ACEF score adapted to ST-elevation myocardial infarction patients: The ACEF-STEMI score

期刊

INTERNATIONAL JOURNAL OF CARDIOLOGY
卷 264, 期 -, 页码 18-24

出版社

ELSEVIER IRELAND LTD
DOI: 10.1016/j.ijcard.2018.04.017

关键词

ST-elevation myocardial infarction; ACEF score; Risk stratification; Cardiac magnetic resonance imaging

资金

  1. Austrian Society of Cardiology
  2. Tiroler Wissenschaftsfonds
  3. intramural funding program of the Medical University Innsbruck for young scientists MUI-START [2015-06-013]

向作者/读者索取更多资源

Background: The age, creatinine and ejection fraction (ACEF) score has originally been developed for risk stratification of patients undergoing elective cardiac surgery.

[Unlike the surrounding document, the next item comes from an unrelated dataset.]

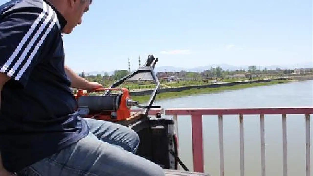 Çarşamba Yeşilırmak üzerinde Devlet Su İşlerine (DSİ) bağlı mühendisler suyun debisini ölçerek incelemede bulundular
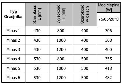 Minas 1 430x800 mm, 306 W – trzy łukowe dipole + wieszaki. Malowanie proszkowe wg palety RAL (podaj kod). Współpraca z grzałką (prawa strona). Moc galwanizowanych niższa o ok. 25%.

In patients with stable coronary artery disease treated by percutaneous coronary intervention (PCI), the prognostic accuracy of ACEF could be further improved by modifying the original scoring system (called modified ACEF or ACEF-MDRD). We aimed to specifically adapt the ACEF score for risk assessment of ST-elevation myocardial infarction (STEMI) patients. Methods: In this observational study, 390 STEMI patients undergoing primary PCI were included. Clinical endpoint was the occurrence of major adverse cardiovascular events (MACE) comprising all-cause mortality, non-fatal re-infarction, stroke and new congestive heart failure. Results: Original ACEF (area under the curve (AUC): 0.63 [95% CI: 0.53-0.73]; p = 0.01) and ACEF-MDRD score (AUC: 0.62 [95% CI: 0.53-0.72]; p = 0.01) significantly but weakly predicted MACE (n = 41, 11%). The addition of creatinine > 2 mg/dl (as suggested in original ACEF, p = 0.32) or eGFR steps as proposed in ACEF-MDRD (p = 0.17) to age/EF ratio were not associated with net reclassification improvements (NRI), but Delta eGRF (>10 ml/min/1.73 m(2) decrease within three days after PCI) led to an NRI of 0.29 (95% CI: 0.14-0.45; p < 0.001). Replacement of cross-sectional renal assessment by Delta eGRF and addition of 3 clinical parameters (diabetes, anterior infarct location and C-reactive protein), forming the new ACEF-STEMI score, led to a significant improvement in MACE prediction (AUC: 0.75 [95% CI: 0.66-0.84]) as compared to original ACEF or ACEF-MDRD (both p = 0.03). Conclusions: In STEMI patients undergoing primary PCI, the novel ACEF-STEMI score provided strong prognostic value and superior discriminative ability as compared to the previously described original ACEF or ACEF-MDRD scores. (C) 2018 Elsevier B.V. All rights reserved.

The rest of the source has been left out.